Yes.  At Handshake 2.0, yes.  This is how and why:

(1)
Our writers must write, and clients must accept that they write, their own authentic thoughts, feelings, opinions, and experiences.  Clients take a risk in paying someone to write whatever he or she wants, but to quote The Transporter, “The deal’s the deal.”  If a potential client can’t accept the terms of our Social Media Authenticity Policy, then they don’t become a client.

(2)
We write positively.  Given our mission – described in the scenario – to create business results for the subjects of our Handshake 2.0 blog posts, and given that rigid authenticity policy of ours, we can only accept clients of whom we think highly.

(3)
As often as possible, we help our clients create their own content.  Given our passionate belief that the power of social media – whether for personal or business use – is that real people are really doing it, we coach our clients to write their own content or we interview them and quote them.  The more true to the company and the company’s leader their social media content is, the more likely they are to connect with the like-minded.  Online, if companies portray themselves as what they think customers want, rather than who and what they are and can do, they’ll attract customers who want what they cannot provide.  Handshake 2.0 simply becomes a placement venue for companies’ authenticity.

(4)
If a client paid to have a blog post created, the blog post says so.

(5)
Anne Giles Clelland gets authentic at the Kinetic Sprint Triathlon, Virginia, 2009 We mean businessHandshake Media, Incorporated, of which Handshake 2.0 is an enterprise, is a member company, and was founded under the auspices of, VT KnowledgeWorks, the business acceleration center and technology incubator at the Virginia Tech Corporate Research Center in Blacksburg, Virginia.  I have articles of incorporation, a trademark, a business plan, attorneys, an accountant, advisors ranging from venture capitalists to marketing consultants, and aspirations to be a contributor to economic development initiatives gaining momentum in our region.  I'm not a fly-by-night, get-rich-quick slouch. 

The wise, insightful, and humorous Z. Kelly Queijo, a contributing writer to Handshake 2.0, left a message on my voice mail yesterday:  “Hello, this is the Authenticity Police.  I’m calling to find out if you’re for real.”

Yes, I’m for real.  And so is my company.

And, for me, Handshake 2.0 is a labor of love.

(6)
I decide.  I, Anne Giles Clelland, President and CEO of Handshake Media, Incorporated, and founder of Handshake 2.0, decide.  If content is in accord with my principles, values, and best judgment (and sometimes whimsy and delight), I post it.  If it isn’t, I don’t.

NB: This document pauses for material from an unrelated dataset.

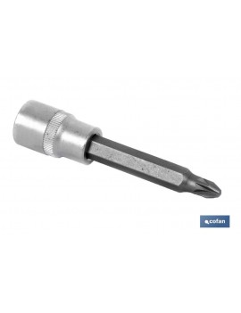 Llaves de vaso 1/2\' cromo vanadio con punta larga 65mm pozidrive de PZ-2 y PZ-3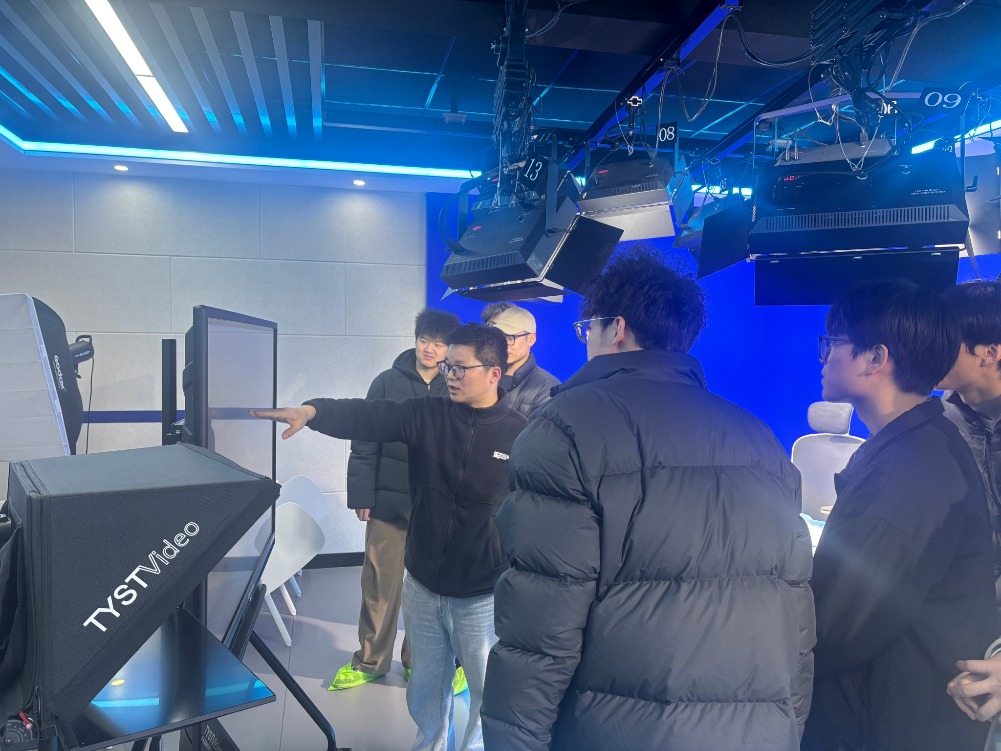 培训现场,张建涛老师紧扣行业前沿与岗位需求,围绕演播室专业设备操作、网络直播流程规范、镜头表达技巧、多机位协同调度等核心内容展开系统讲解。在实操环节,张老师采取“演示—练习—点评”的教学模式,指导学生分组进行直播场景模拟、设备调试、脚本策划与现场播报训练,针对学生操作中存在的问题逐一指导、及时反馈,帮助学生快速掌握新媒体岗位核心技能。

My company is a one-year start-up.  In ten years, may it be an established firm.  I think ultimately the success of a company falls on the shoulders of one person – the founder.  Both now and in the future, the strength and meaning of my company, and the value it provides to its clients, employees, and the greater community, will depend on my ability to cultivate and attend to traits in myself that help me evolve as a person of integrity.  I am trying.  Please wish me well.